There has been a rise in legal complaints against websites that allegedly do not comply with the Americans with Disabilities Act (ADA). The Bureau of Internet Accessibility (BOIA) predicted this rise in legal action in their April 2014 commentary “Banking on Website Accessibility Lawsuits“ noting that people with visual, auditory, cognitive recognition, speech or physical special needs have difficulties accessing many popular banking websites due to the startling lack of support for assistive technology.
“Over the past two months, BOIA has seen a 300% increase in requests for ADA Website Compliance Reports by law firms – many of which are using the documents as addendums in formal legal complaints,” said Mark Shapiro, president of the Bureau of Internet Accessibility. “Website accessibility is no longer just an altruistic pursuit. There are legal requirements with an active community aggressively pursuing organizations whose websites are not in compliance.”

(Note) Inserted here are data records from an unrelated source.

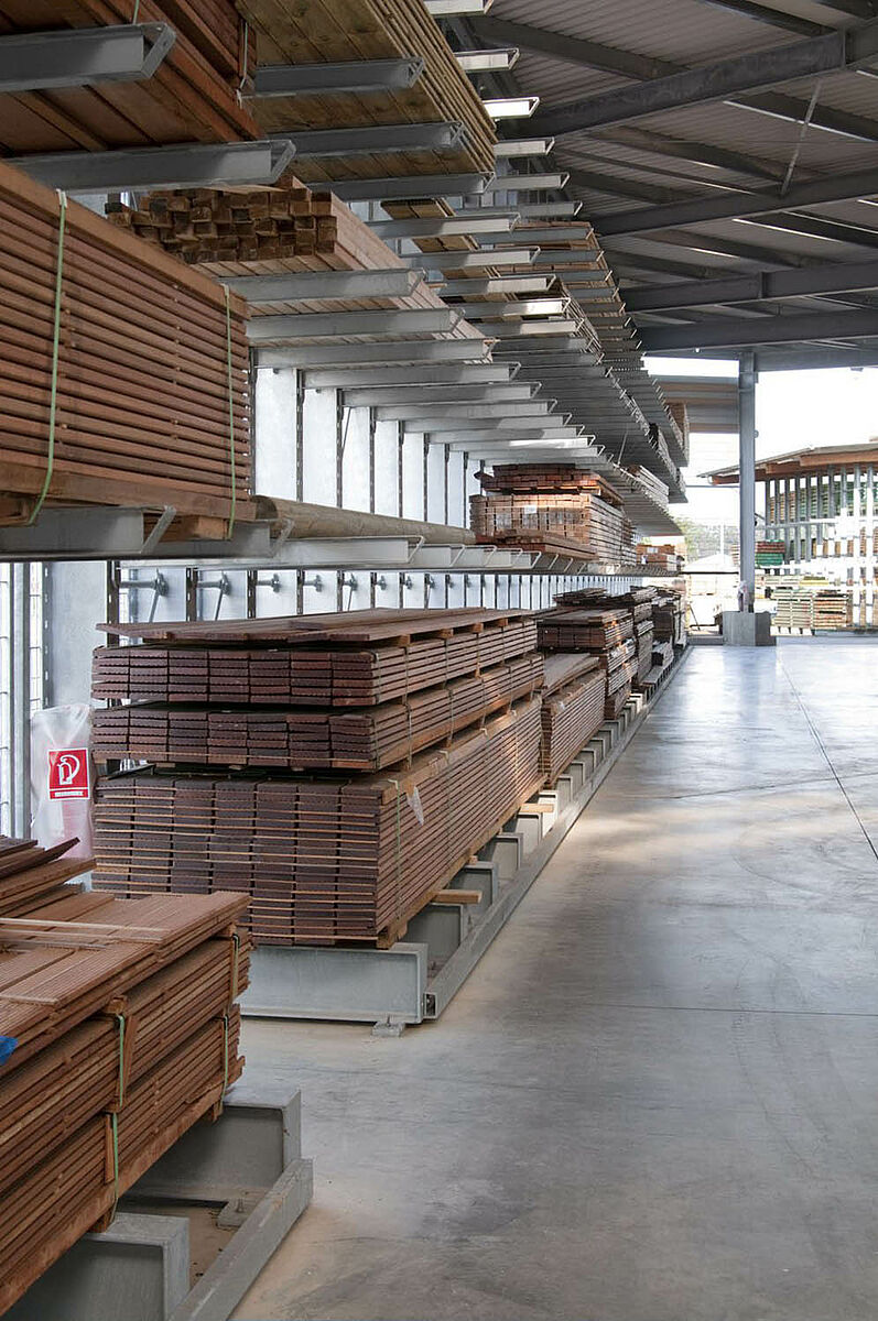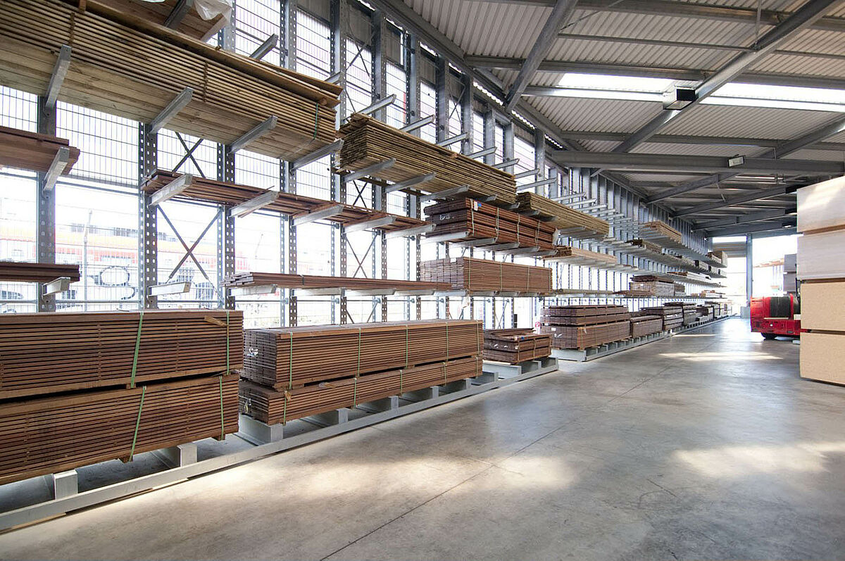 Schyns GmbH, basée à Siegburg, propose, en tant qu'entreprise de gros et de détail, une gamme complète de produits du bois, tant à des clients privés que commerciaux - palette allant des bois de construction massifs jusqu'à l'abri de jardin. Le stockage des produits du bois se fait dans un entrepôt à rayonnages qui n'a cessé de grandir tout au long d'une période de plus de 20 ans. Au cours de ces années, les différentes rangées de rayonnages individuelles devinrent un hall complet qui, pendant les années qui suivirent, doubla à son tour. C'est ainsi, que le département d'entreposage fut en état de suivre la croissance de l'entreprise.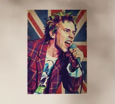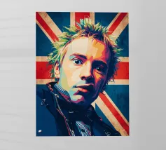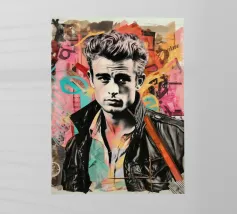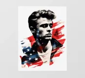 Un ritratto come un manifesto: i tratti ricordano James Dean - simbolo di ribellione giovanile, forza vulnerabile e sogno americano al tramonto. La sovrapposizione di stelle e strisce trasforma l'immagine in una riflessione su identità, libertà e proiezione. Stilisticamente a metà tra pop art, manifesto cinematografico e pathos patriottico, l'opera sembra un'eco dell'epoca in cui la freddezza e la malinconia divennero l'atteggiamento di un'intera generazione. Ideale per ambienti che intendono mostrare le icone come specchio della società.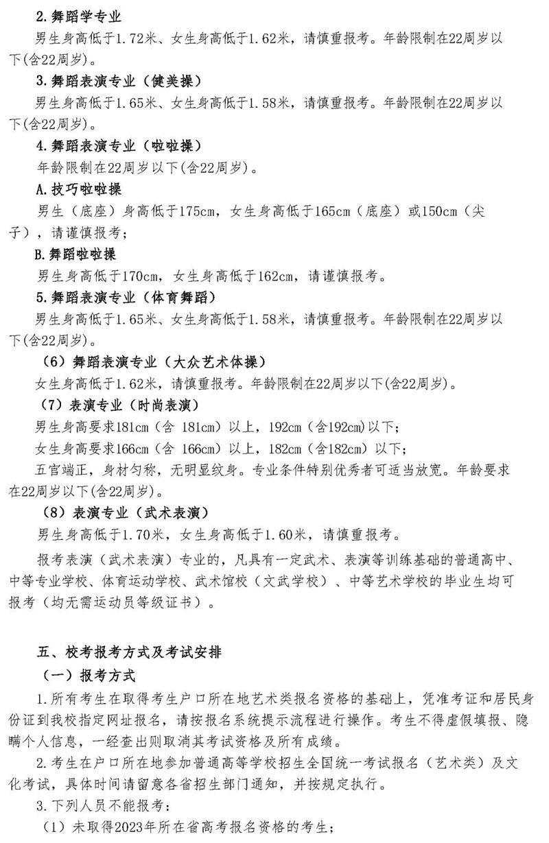 该专业按普通高考艺术类招生,选考科目不限,学制4年,本科学历,毕业生符合条件者授予艺术学学士学位。该专业培养德、智、体、美、劳全面发展的舞蹈人才,掌握舞蹈学科基本理论、基础知识与基本技能,并推崇“开放式教学理念”引导下的当代舞蹈教育科研体系,提倡“以教师为主导,学生为主体”的个性化引导式教学方式,注重专业文化教育与专业技巧培养相结合,培养以中国舞为特色的舞蹈教学、表演、编导、管理“四位一体”的复合型应用人才。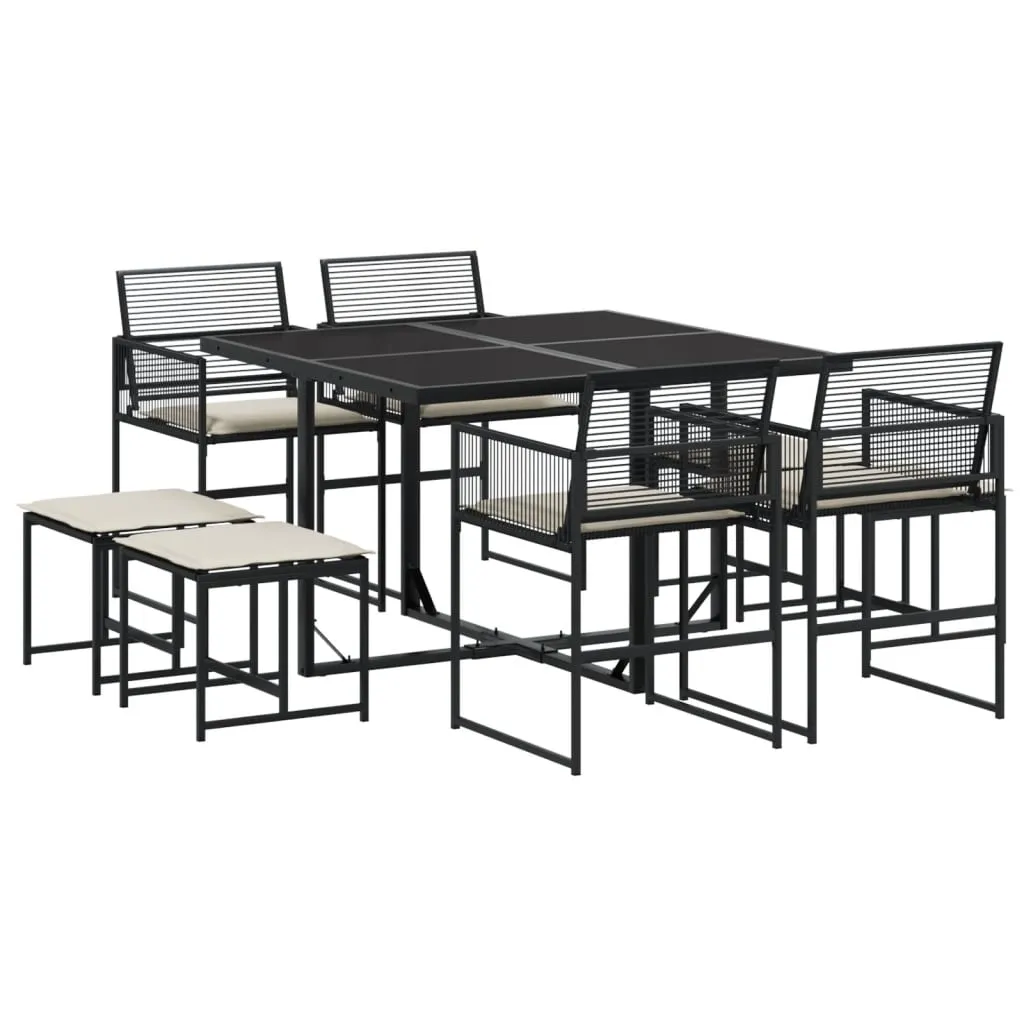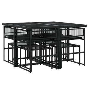 This garden dining set is a great choice for al fresco dining or just relaxing in the garden, backyard, or patio. Durable material: PE rattan, also known as poly rattan, is a strong, low-maintenance synthetic material that looks like natural rattan. It's lightweight, easy to clean, and commonly used for outdoor furniture due to its durability and weather-resistant properties. Glass tabletop: The outdoor table's top is made from strong and durable tempered glass, making it easy to clean with a damp cloth and adding a touch of elegance to your outdoor space. Compact storage: These chairs have a flap backrest that can be folded down, making it easy to store them under the table. When folded, they neatly fit under the table, forming a space-saving cube shape. Additionally, the stools can also be stored under the chairs, further maximising space efficiency. Comfortable seat experience: This outdoor furniture, complete with thickly padded cushions, offers a comfortable seating experience. Good to know:To make sure your outdoor furniture stays beautiful, we recommend protecting it with a waterproof cover.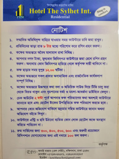 I visited Hotel the Sylhet international 01june. Here my experience was worst ever of my lifetime! Here I met hotel boy probably manager named Zabed or zaber !! I want to recall him a rascal as at the morning he deal with me about the price and also give me the hotel card. Then when I went there with my family and legal documents,he then print it all including my national id and other papers then he(manager) increased the price saying he didn't deal with me before! He also claimed for extra tips. Then i have to return back with my family after this situation as my family member was feeling unsafe and also me for his such kind of behaviour. I have never met such type of rubbish hotel stuffs in my lifetime.Highly not...
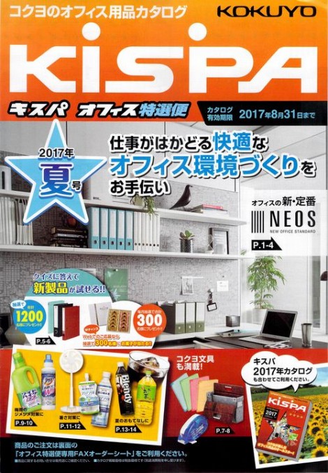 Kispa オフィス用品特選便 夏号配布中 ~ タグ:オフィス, キスパ, コクヨ, 事務用品 弊社までお問合せ下さいませ。 オフィス用品の特選カタログ入荷致しました。 夏の厳しい暑さに負けじと快適なアイテムをご紹介しております。 ぜひご活用下さいませ。 投稿日:2017/06/01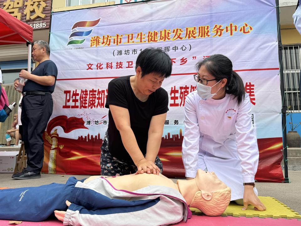 6月14日,潍坊市卫生健康发展服务中心联合潍坊市中医院、昌乐县鄌郚镇中心医院到鄌郚镇大集开展卫生健康知识(院前急救、生殖健康)“三下乡”活动。这是今年首次举办科普下乡活动,选派了优秀医疗骨干到基层开展现场实践教学科普,向广大基层群众传授了基本常用的急救知识,提高了基层群众的健康意识和应急处理能力。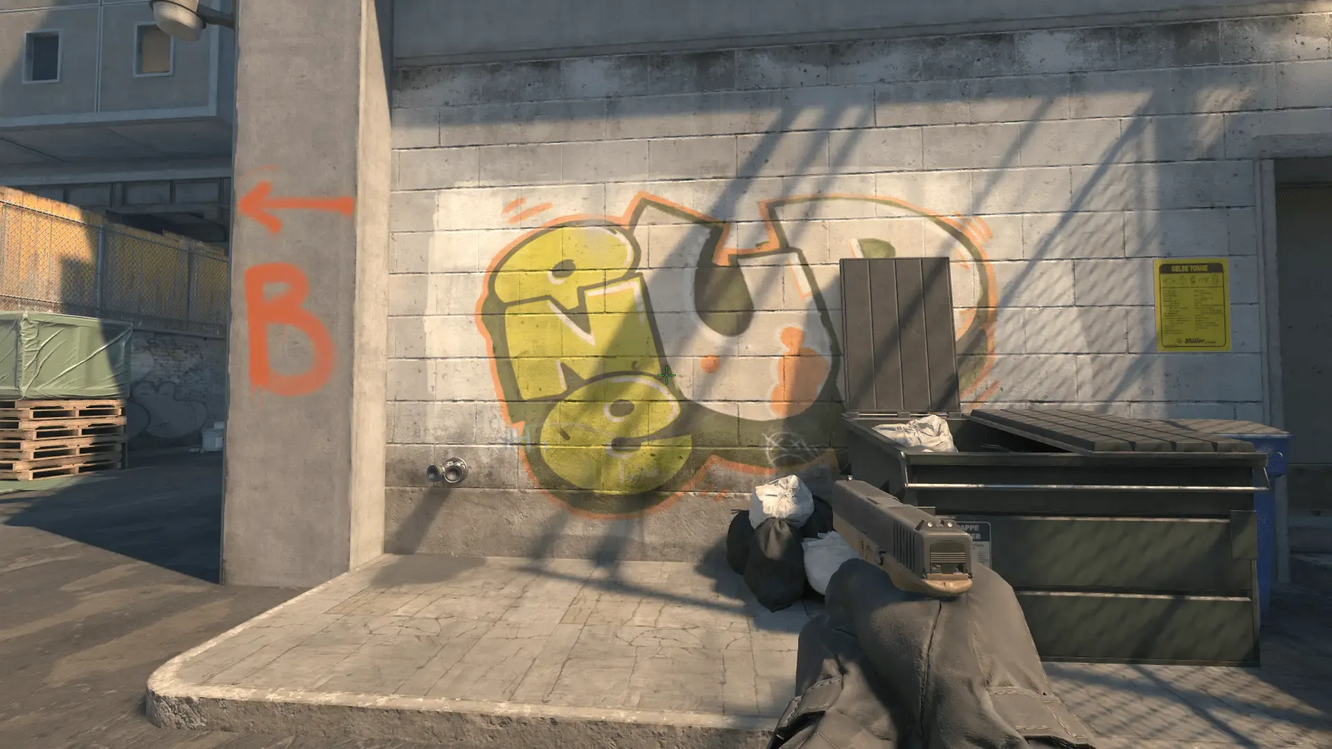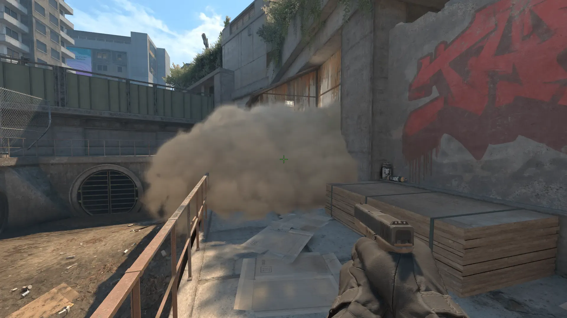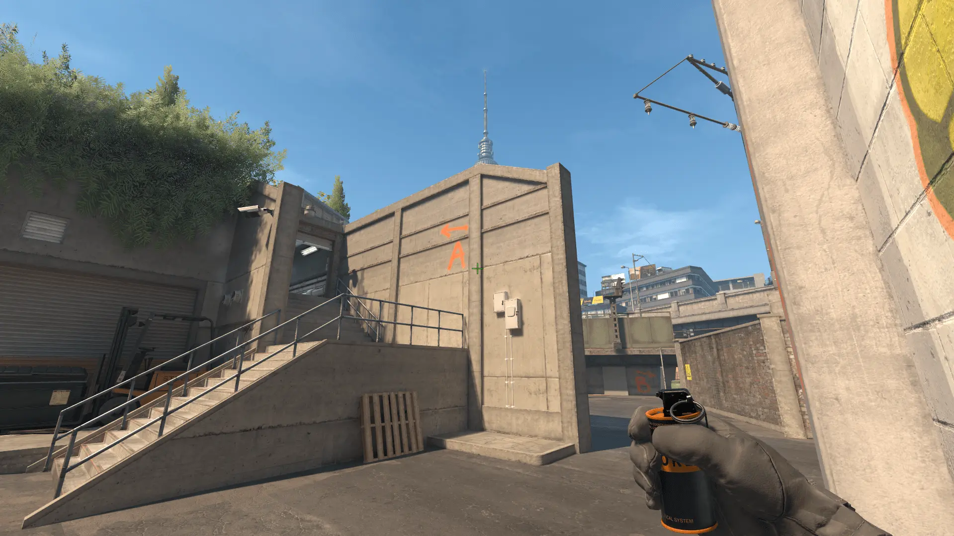 - Наводимся на горизонтальную линию и отводим прицел чуть левее, примерно так как показано на фото и бросаем смок с прыжком

“For-profit and not-for-profit entities rely on their website as a key adjunct for their business activities, customer and client transactions. It is therefore not surprising that litigation may result if such websites are not accessible to individuals with disabilities,” said Frank C. Morris, Jr., a member of the law firm Epstein Becker & Green PC.
The question then becomes why many defendants are claiming that website accessibility can be ignored? While some have claimed that it is not specifically mentioned in Title III of the ADA, the U.S. Department of Justice feels otherwise, going so far as to announce that specific language will be added to the ADA to include the term “website” by next March, likely spurring additional rounds of litigation.
The reality is that websites are considered “places that require public accommodation” according to the U.S. Department of Justice, falling under the purview of ADA title III. Consider recent complaints against H&R Block and Florida State University. The U.S. Department of Justice entered a Consent Decree with H&R Block requiring the accessibility of H&R Block’s websites. The U.S. Department of Justice further required Florida State University to “conform to, at a minimum, the Web Content Accessibility Guidelines 2.0 Level AA” and gave them 90 days to comply.
BOIA predicts that additional high-profile lawsuits will escalate through the end of this year spawning a flurry of lawsuits towards mid-tiered traffic websites. Organizations looking to protect their electronic real estate and comply with accessibility standards need to begin by testing their current level of accessibility and address the issues identified.